The design for intervention strategies (all combinations) is replicated for a set of conditions, specifically early versus late deployment years, low
TABLE 4.3 Summary of Conditions and Interventions at Increasing Levels of Intensity Used in Model Simulations as Part of the Strategy Design
|Climate change scenario||RCP2.6, RCP8.5|
|Start state (total coral cover)||5%, 30%|
|Deployment year||2025, 2035|
|Algal growth (stimulated by nutrient load)||0.6, 0.2|
|Algal grazing rate (herbivores)||0.2, 0.6|
|Assisted gene flow (as rolling-window climatologies)||80, 60, 40 years|
|Atmospheric shading (for 12 weeks during bleaching season, with risk of failure)||Nil, 6 DHWs|
NOTE: Model results were reported for years 2020, 2030, 2040, 2050, and 2060.
versus high start states for coral cover, and moderate to severe climate change scenarios (see Table 4.3). Exploring these combinations allowed us to examine under what condition(s) interventions have high versus low efficacy, and with what risks. For example, while early deployment of assisted gene flow may seek to stem coral decline, the associated risk of also introducing a pathogen may counter that benefit, especially for a high start state representing a healthy reef. Such examples are explored in the context of climate outlooks, intervention benefits, and risks to inform the discussion around decisions to deploy versus delay (Iacona et al., 2017).
Each line in the resulting design table hence provides the command structure for the 192 combinations in the model simulations. In this analysis, 10 simulations (trajectories) were run for each line in the design table (for a total of 1,920 simulations) using a Monte Carlo approach. The modeling was limited to only 10 simulations because the only source of stochastic variation was the temperature inputs, resulting in narrow confidence bands around coral and macroalgal projections. The probability of a thermal anomaly and its severity (as DHW) is drawn annually from a random distribution under predicted max DHWs from rolling windows. Intervention uncertainty and varying conditions were represented by the low versus high parameter estimates set to bracket their likely range (the “Levels” identified in Table 4.3). Ideally, a larger number of simulations should be run, that number being a tradeoff between precision and computing power available when modeling complex systems.

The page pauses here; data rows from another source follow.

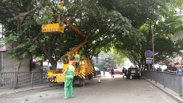 沙坪坝区绿化处启动“局长接待日”关注的民生难题工作,对童家桥街道的五灵观社区、和睦村社区等地的行道树进行修枝,撤除影响安全的树木。
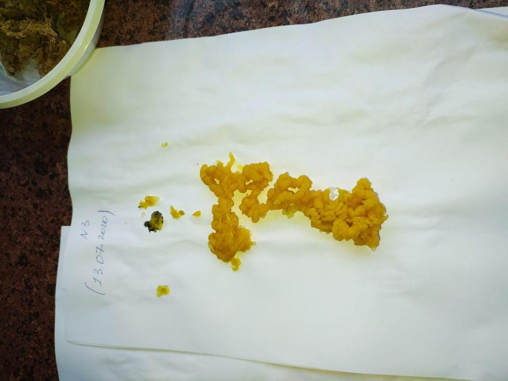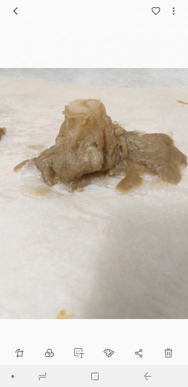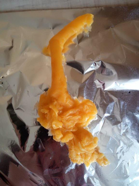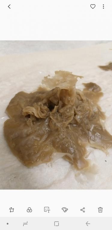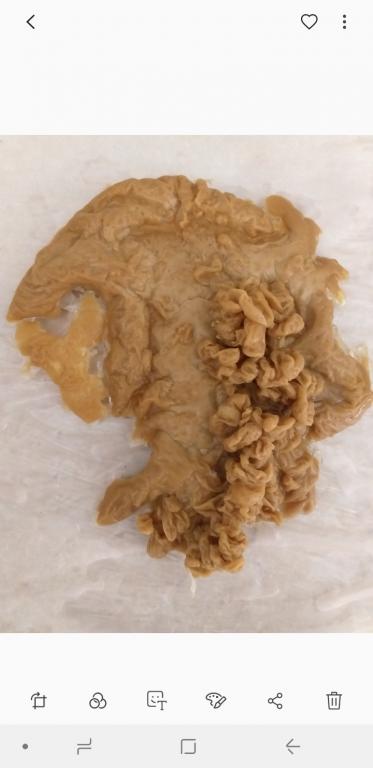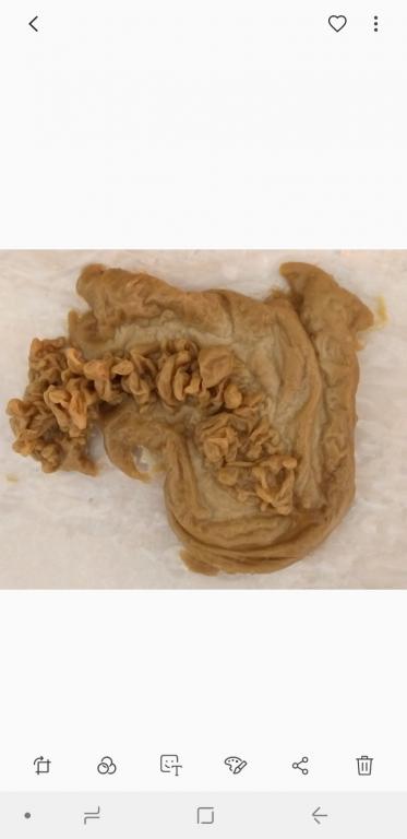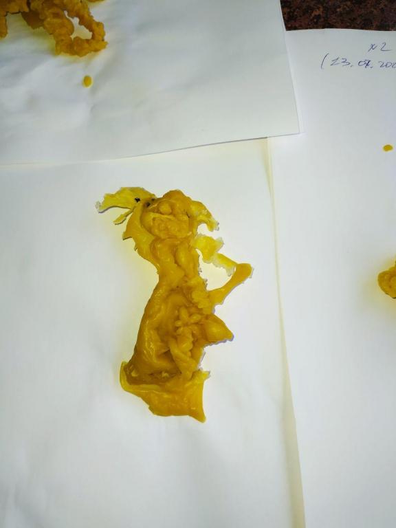 Ниже номер три. Она очень идентична тому что было ранее. И нет...её ничего пока что не берет, как я вижу. Это мерзкая тварь -морочище. Я вижу эту дрянь и представляю как она влияет на меня,  у неё даже что-то вроде губищ-рта. Отвратительнейшее зрелище, всё что я знаю - это то, что я хочу от этого паразита избавиться! Плёнка просто застелила всё...Она больше с каждой отливкой и мне не по себе. Почему-то даже рожи сущей не производят такое впечатление как вот это. Хотя, тоже своего рода сущь! И я ещё обратила внимание на интересный странный узор на этой плёнке! Не знаю на сколько видно на фото, но знаете что напомнило? Инфузорию-туфельку  — вид инфузорий, одноклеточных организмов.  (Встречаются в пресных водах. Средой обитания инфузории-туфельки являются любые пресные водоемы со стоячей водой и наличием в воде разлагающихся органических веществ (разлагающихся...Как раз на моей предыдущей (первой) морочной отливке видно некое как-бы разложение...)) Суть в том, что и я и не только я видим, что в наведении на меня воздействий, помимо прочего, участвовала вода неким образом. Сижу я в 6 утра и думаю, про Инфузорию туфельку...А нет ли тут связи?Вода во снах постоянно. Может и было произведено сокрытие через воду как раз. Но эта дрянь пока не особо сдается :( Или я чего-то не вижу...( ну да, я ж под мороком... >:( )
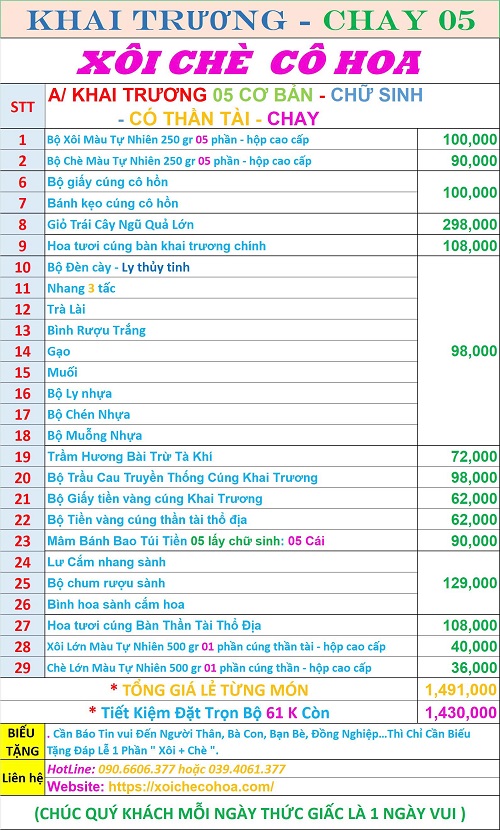 => Để tránh những thiếu sót lễ vật & những món cúng được thơm ngon. Gia đình nên liên hệ cửa hàng Xôi Chè Cô Hoa để được phục vụ tận nơi những món ăn và lễ vật này ngày cúng khai trương.
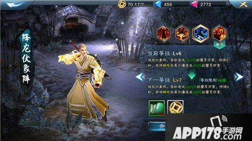 (四)降龙伏象阵:这个技能是超大范围持续伤害,比火属性技能的阵法范围大了很多,也是雷系属性终极奥义,300%伤害(我这是升级以后的,初始技能图他们不给我,据说原因是我没头发,恩,就不告诉你们是肥皂不给我了,要不然不给我发表咋办!)。注意,这个300%伤害一定要在对方被你打出了触电效果的情况下才行,那怎么打触电呢?穿花手和伏魔杖法都可以!强烈建议起手伏魔,然后降龙阵,然后穿花,为啥?因为这个阵法持续九秒,每次触电都会被引爆,也就是说,穿花手能造成的触电效果,已经变成了每次300%伤害!很吓人,有木有!
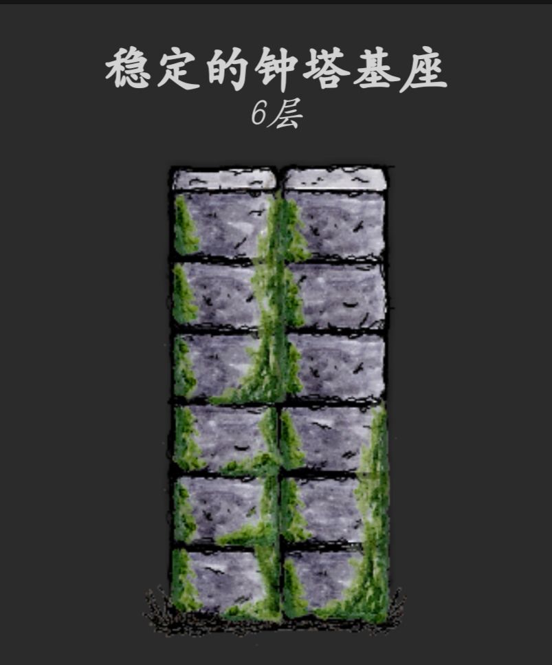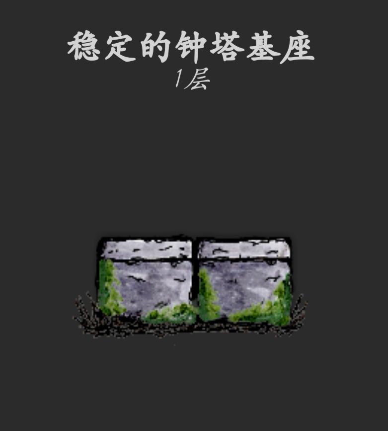 11,钟楼稳定后,再往上放两块石头,重复等待、放石头、等待的步骤,钟楼底座总共六层,等到第六层底座稳定了之后,就可以进行下一步了

This is especially so if the stochastic variation or uncertainty of many different environmental and ecological model parameters are also included in simulations.
Results of Analysis
The focal output metrics for each of the 1,920 simulations is coral cover over time combined for the two coral groups. Figure 4.5 illustrates a selection of example trajectories from the model with varying levels of RCP scenarios, conventional management, and assisted gene flow. Under RCP2.6, low grazing and high nutrients (driving algal growth) and low start state (initial coral cover), coral cover is projected to decline further, while macroalgae cover is projected to increase. This trajectory occurs with and without assisted gene flow (see AGF in Figure 4.5a and b). However, setting conventional management to high (high grazing and low nutrients; BPM for best practices management) changes the outlook dramatically, but more so with conventional management alone than when high levels of assisted gene flow are introduced (Figure 4.5c versus Figure 4.5d). This is explained by the risks associated with high assisted
gene flow, with uncertainty in mortality effects manifested in Figure 4.5d as a broader confidence band around the trajectory line (the mean estimate). Under RCP8.5, the situation is the same for the no/low conventional management scenario (low grazing and high nutrients), again with or without assisted gene flow (see Figure 4.5e and f). Although moving from low to best-practice conventional management does not improve the coral outlook by itself (see Figure 4.5g), setting assisted gene flow to high in combination with high levels of conventional management leads to coral recovery and sustained cover to 2080 under RCP8.5 (see Figure 4.5h). These sample modeling results and the conclusions drawn from them are sensitive to the assumptions made around how different environmental, biological, and ecological processes interact and the strength of these interactions.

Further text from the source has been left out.